◆ Work to be completed ◆
Below this line is a listing that includes pictures. Copy exactly, and only, the lines from the one containing "The Wahl Premiere" through the one containing "Idéal pour un"; the pictures do not go in the copy.

◆ Given information ◆

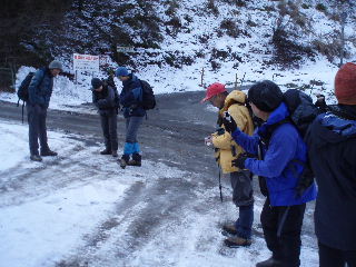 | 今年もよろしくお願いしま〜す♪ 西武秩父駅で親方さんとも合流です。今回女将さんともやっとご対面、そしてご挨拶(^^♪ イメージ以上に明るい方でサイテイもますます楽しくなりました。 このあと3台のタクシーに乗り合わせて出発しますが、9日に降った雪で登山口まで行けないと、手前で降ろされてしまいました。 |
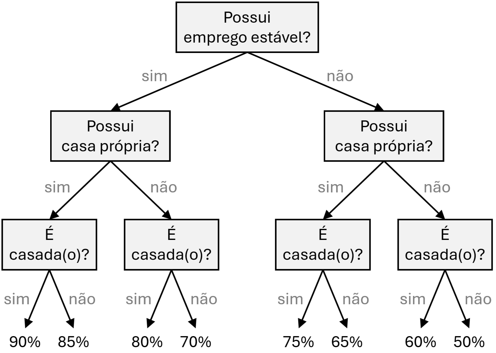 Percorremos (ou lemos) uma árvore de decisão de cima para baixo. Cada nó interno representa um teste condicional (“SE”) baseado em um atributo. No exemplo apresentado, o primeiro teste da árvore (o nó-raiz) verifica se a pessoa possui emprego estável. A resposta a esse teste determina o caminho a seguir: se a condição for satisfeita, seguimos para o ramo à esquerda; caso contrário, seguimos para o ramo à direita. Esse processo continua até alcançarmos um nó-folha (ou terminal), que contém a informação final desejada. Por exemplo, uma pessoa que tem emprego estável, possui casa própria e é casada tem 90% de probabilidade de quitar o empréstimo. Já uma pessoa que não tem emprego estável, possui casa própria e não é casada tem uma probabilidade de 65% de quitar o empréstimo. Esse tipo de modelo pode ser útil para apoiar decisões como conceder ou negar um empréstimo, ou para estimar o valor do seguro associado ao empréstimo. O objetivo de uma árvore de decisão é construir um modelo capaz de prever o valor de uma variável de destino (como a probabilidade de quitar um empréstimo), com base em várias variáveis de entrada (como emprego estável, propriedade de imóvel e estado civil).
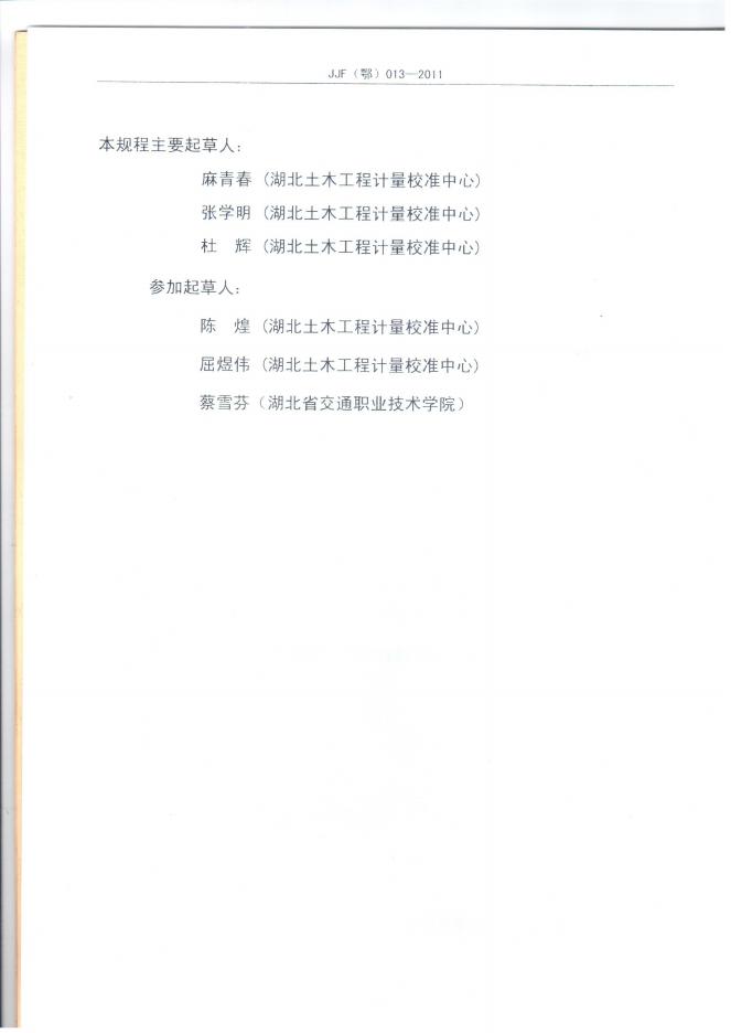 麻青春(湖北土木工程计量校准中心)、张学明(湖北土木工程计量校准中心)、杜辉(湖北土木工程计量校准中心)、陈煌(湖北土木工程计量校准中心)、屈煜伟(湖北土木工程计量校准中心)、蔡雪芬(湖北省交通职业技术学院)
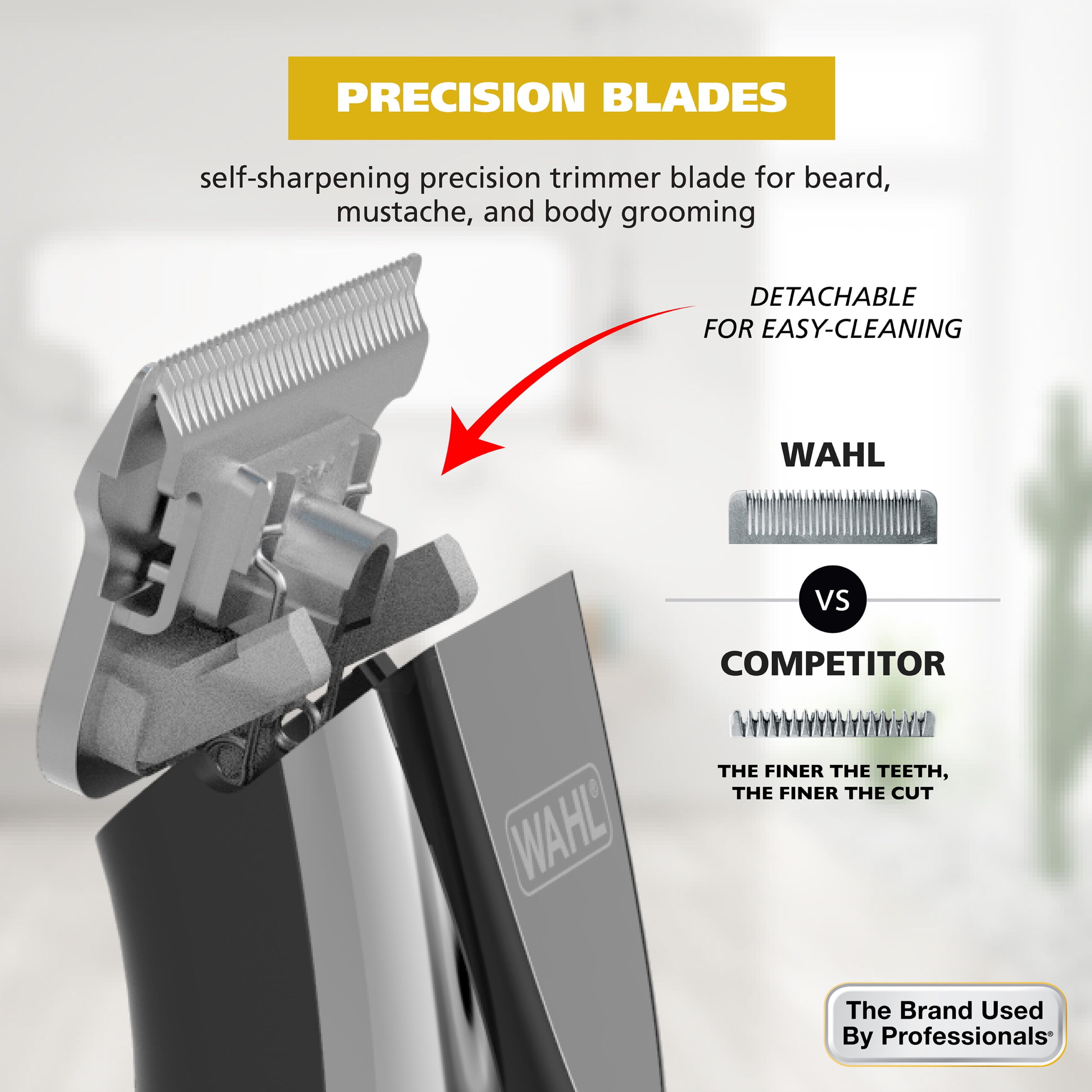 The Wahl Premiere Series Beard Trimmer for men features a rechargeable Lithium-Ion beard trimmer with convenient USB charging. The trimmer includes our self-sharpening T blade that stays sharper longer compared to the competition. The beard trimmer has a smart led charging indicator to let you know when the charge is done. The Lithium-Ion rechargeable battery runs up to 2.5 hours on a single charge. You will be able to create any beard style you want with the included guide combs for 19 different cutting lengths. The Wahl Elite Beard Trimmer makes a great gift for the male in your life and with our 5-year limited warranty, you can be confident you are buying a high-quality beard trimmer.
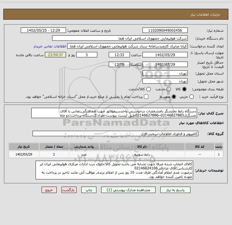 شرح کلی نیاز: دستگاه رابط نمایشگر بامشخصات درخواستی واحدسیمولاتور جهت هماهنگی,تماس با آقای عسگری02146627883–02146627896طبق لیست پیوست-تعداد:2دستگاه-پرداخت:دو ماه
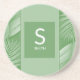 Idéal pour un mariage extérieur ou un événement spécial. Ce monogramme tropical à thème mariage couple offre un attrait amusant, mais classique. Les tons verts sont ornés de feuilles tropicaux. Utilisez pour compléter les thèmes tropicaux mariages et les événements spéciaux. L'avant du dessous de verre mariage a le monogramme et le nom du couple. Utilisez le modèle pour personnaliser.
--
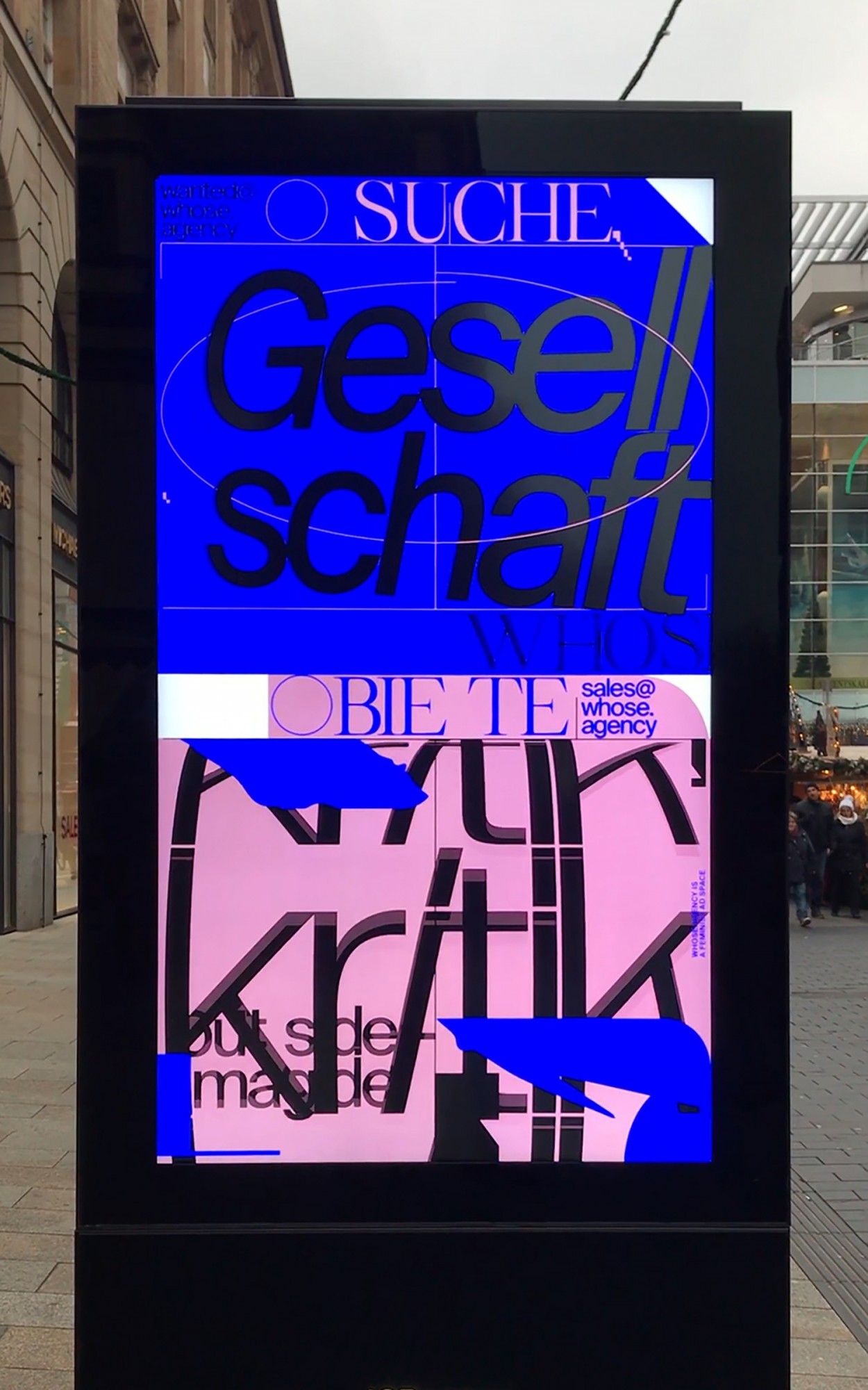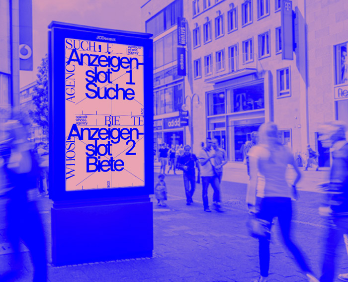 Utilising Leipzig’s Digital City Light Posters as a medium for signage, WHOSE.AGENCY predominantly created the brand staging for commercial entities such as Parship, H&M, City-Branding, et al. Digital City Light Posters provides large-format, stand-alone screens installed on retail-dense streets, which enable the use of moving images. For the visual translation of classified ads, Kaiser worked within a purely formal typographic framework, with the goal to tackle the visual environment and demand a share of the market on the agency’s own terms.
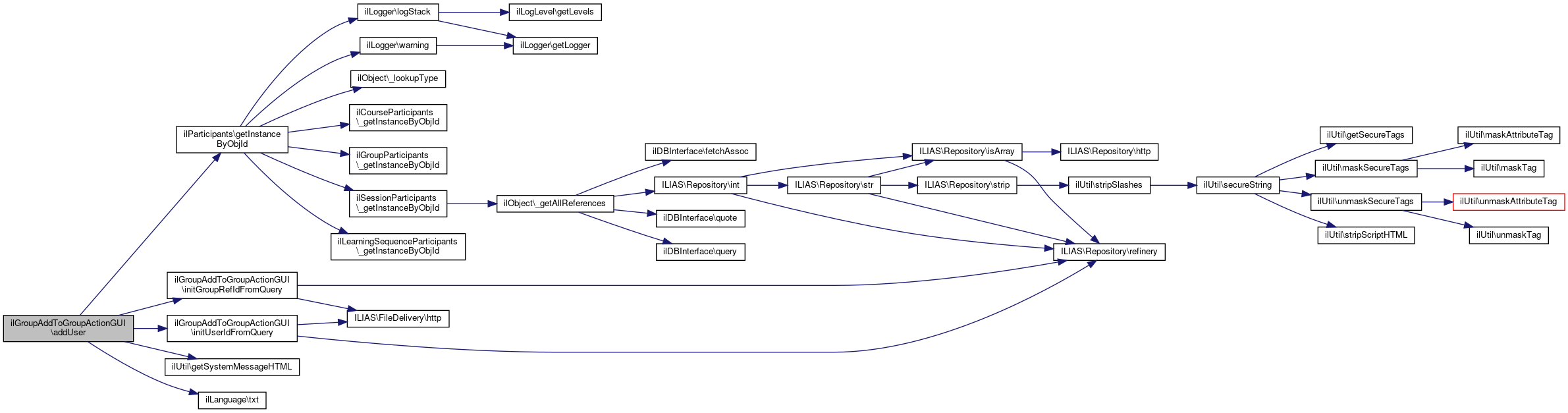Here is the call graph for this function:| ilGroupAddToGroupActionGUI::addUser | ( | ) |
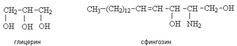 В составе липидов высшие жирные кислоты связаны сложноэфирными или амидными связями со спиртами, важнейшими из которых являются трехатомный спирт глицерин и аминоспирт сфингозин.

◆ Task solution ◆
 The Wahl Premiere Series Beard Trimmer for men features a rechargeable Lithium-Ion beard trimmer with convenient USB charging. The trimmer includes our self-sharpening T blade that stays sharper longer compared to the competition. The beard trimmer has a smart led charging indicator to let you know when the charge is done. The Lithium-Ion rechargeable battery runs up to 2.5 hours on a single charge. You will be able to create any beard style you want with the included guide combs for 19 different cutting lengths. The Wahl Elite Beard Trimmer makes a great gift for the male in your life and with our 5-year limited warranty, you can be confident you are buying a high-quality beard trimmer.
 شرح کلی نیاز: دستگاه رابط نمایشگر بامشخصات درخواستی واحدسیمولاتور جهت هماهنگی,تماس با آقای عسگری02146627883–02146627896طبق لیست پیوست-تعداد:2دستگاه-پرداخت:دو ماه
 Idéal pour un mariage extérieur ou un événement spécial. Ce monogramme tropical à thème mariage couple offre un attrait amusant, mais classique. Les tons verts sont ornés de feuilles tropicaux. Utilisez pour compléter les thèmes tropicaux mariages et les événements spéciaux. L'avant du dessous de verre mariage a le monogramme et le nom du couple. Utilisez le modèle pour personnaliser.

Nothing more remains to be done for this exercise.